San Francisco Public Works employees are The City’s front line for clean streets, but that also means they’re shoulder to shoulder with the homeless people who live there.
These street cleanings sometimes rise to the level of what homeless advocates call a “sweep,” when tents and other property of homeless people are discarded en masse, often in trash compactors.
Sometimes, those items are taken when owners are not nearby during everyday cleanings.
But not everything taken from an encampment is destroyed. At Public Works’ maintenance yard on Cesar Chavez Street, some items identified as “valuables” are held in the hopes that one day they’ll be claimed.
Policies around these claims are the subject of the Examiner’s On Guard column Wednesday, for the SF Homeless Project.
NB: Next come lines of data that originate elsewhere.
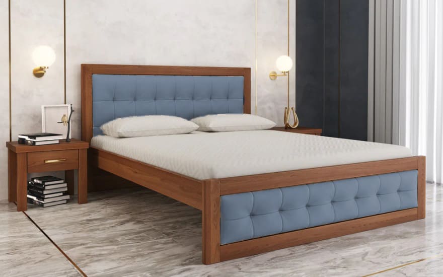 • Дерев'яне ліжко "Мадрид М50 Бук плюс" - ліжко прямих, чітких ліній, з м'якою, стеганой великими квадратами, вставкою в узголів'ї і на царге з меблевими гудзиками, обтягнутими основною тканиною. Ліжко виготовлене з натуральной деревини - щіта бука, покривається гіпоалергенним лаком італійського виробництва.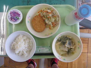 おもてなしのための、ご馳走は、山や田でとれた、さといも、きのこ、たいこん、にんじん、豆などと使って料理します。魚は本来尾頭付きを使いますが、給食では、地元のふくらぎを使いました。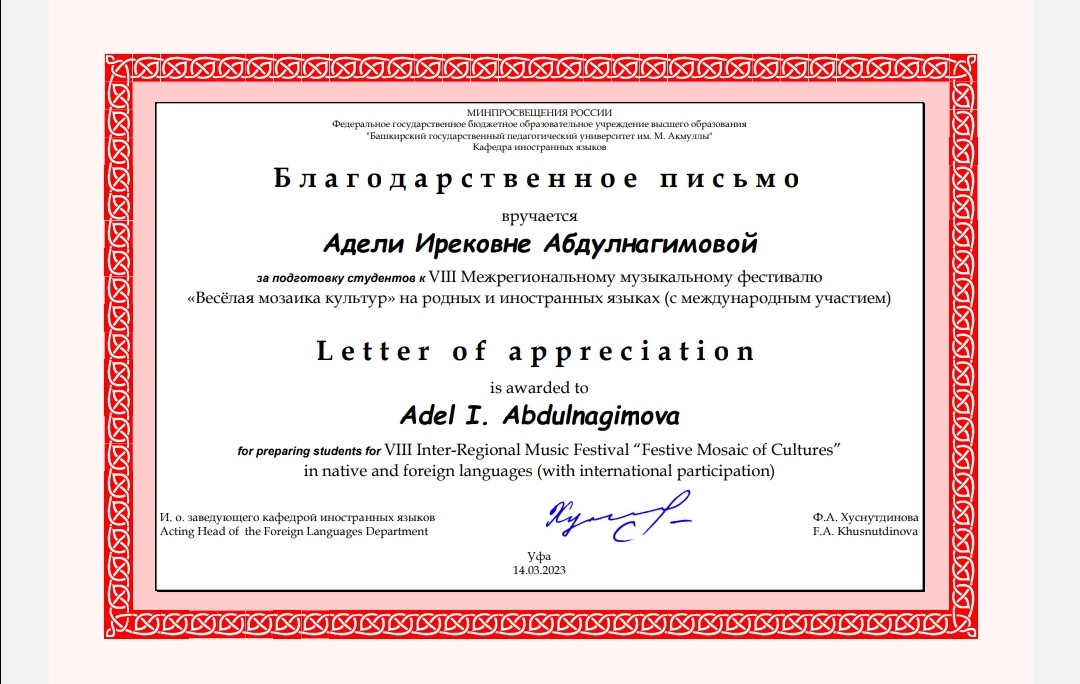 Ариана Галлямова (класс к.п.н., доцента кафедры Заббаровой М. М.) - Лауреат III степени.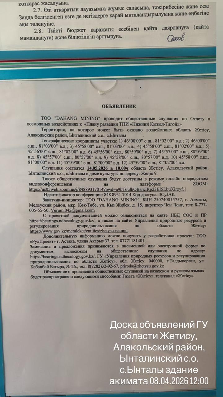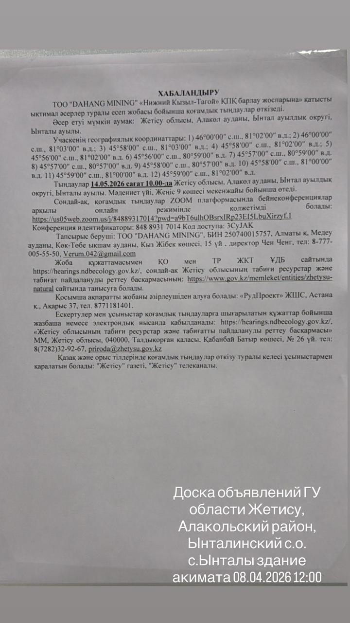 3. Общественные слушания организованны: Главный специалист УПР и ПР Жетысуйской области, priroda@zhetisu.gov.kz,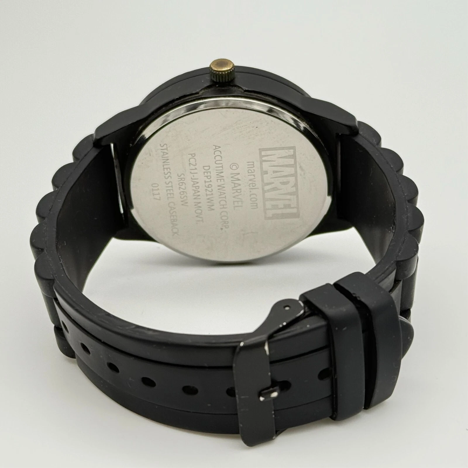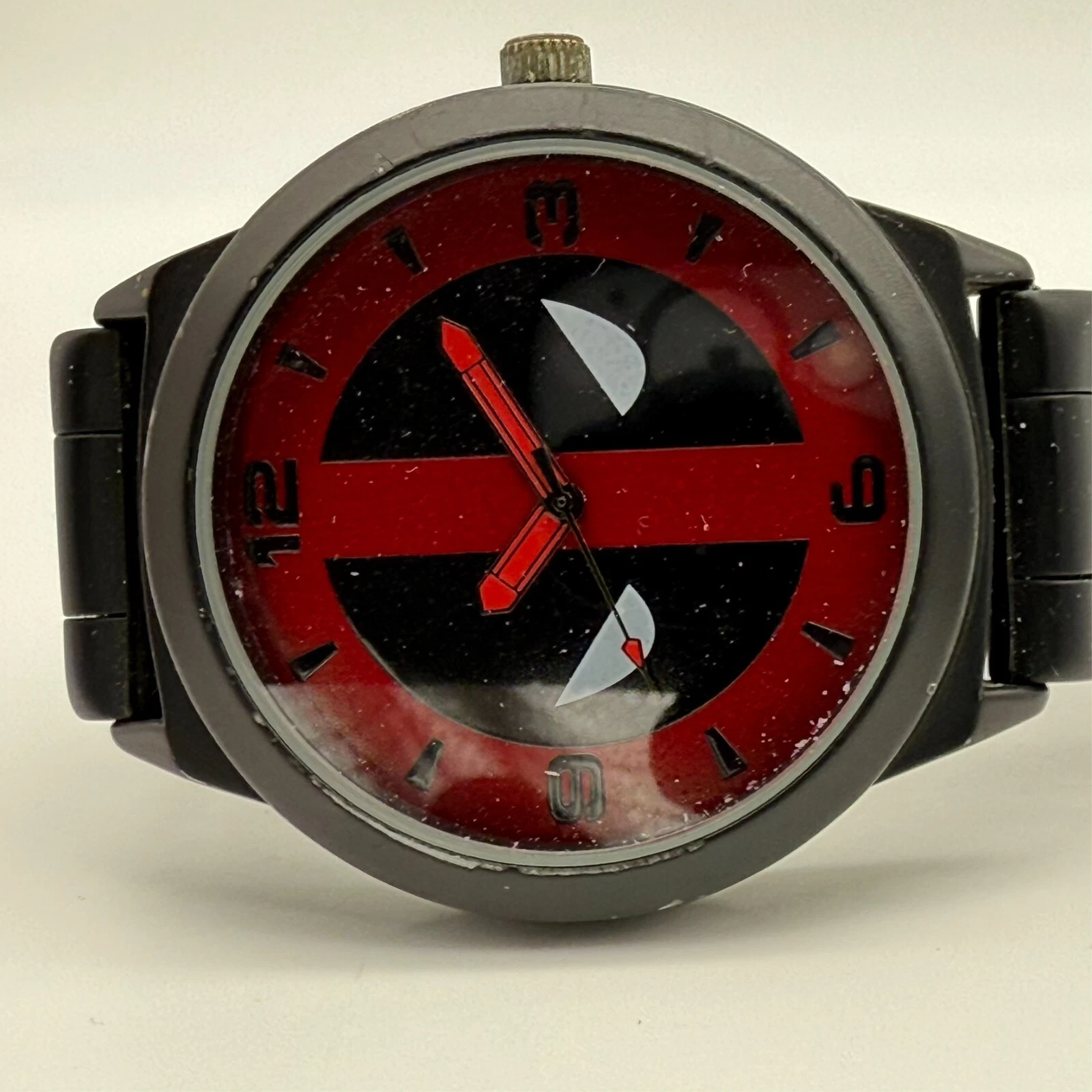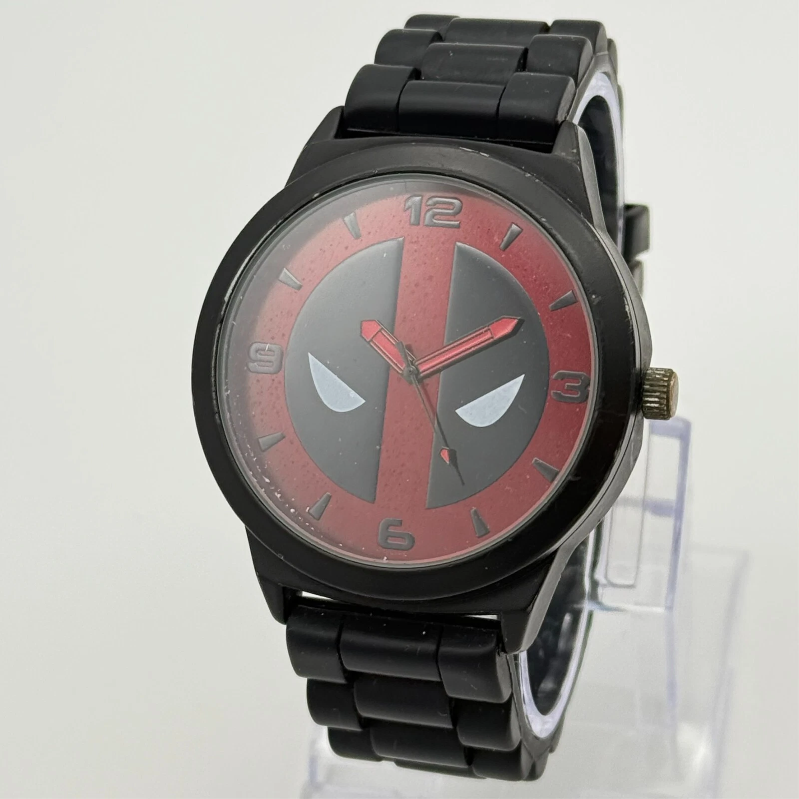 Men's Marvel DEADPOOL Face Accutime Watch, Black Silicone Strap, 45mm, Runs

But we also wanted to detail what we found at the maintenance yard, courtesy of a tour from Rachel Gordon, the spokesperson for Public Works.
The maintenance yard itself is far flung in the southeast corner of San Francisco, divided from most homeless encampments by a freeway, or a long walk. It’s accessible by Muni lines like the 10-Townsend, 19-Polk and 9-San Bruno.
Gordon lead On Guard through the maintenance yard. We walked by vehicles stored for Public Works and SFMTA, among other agencies.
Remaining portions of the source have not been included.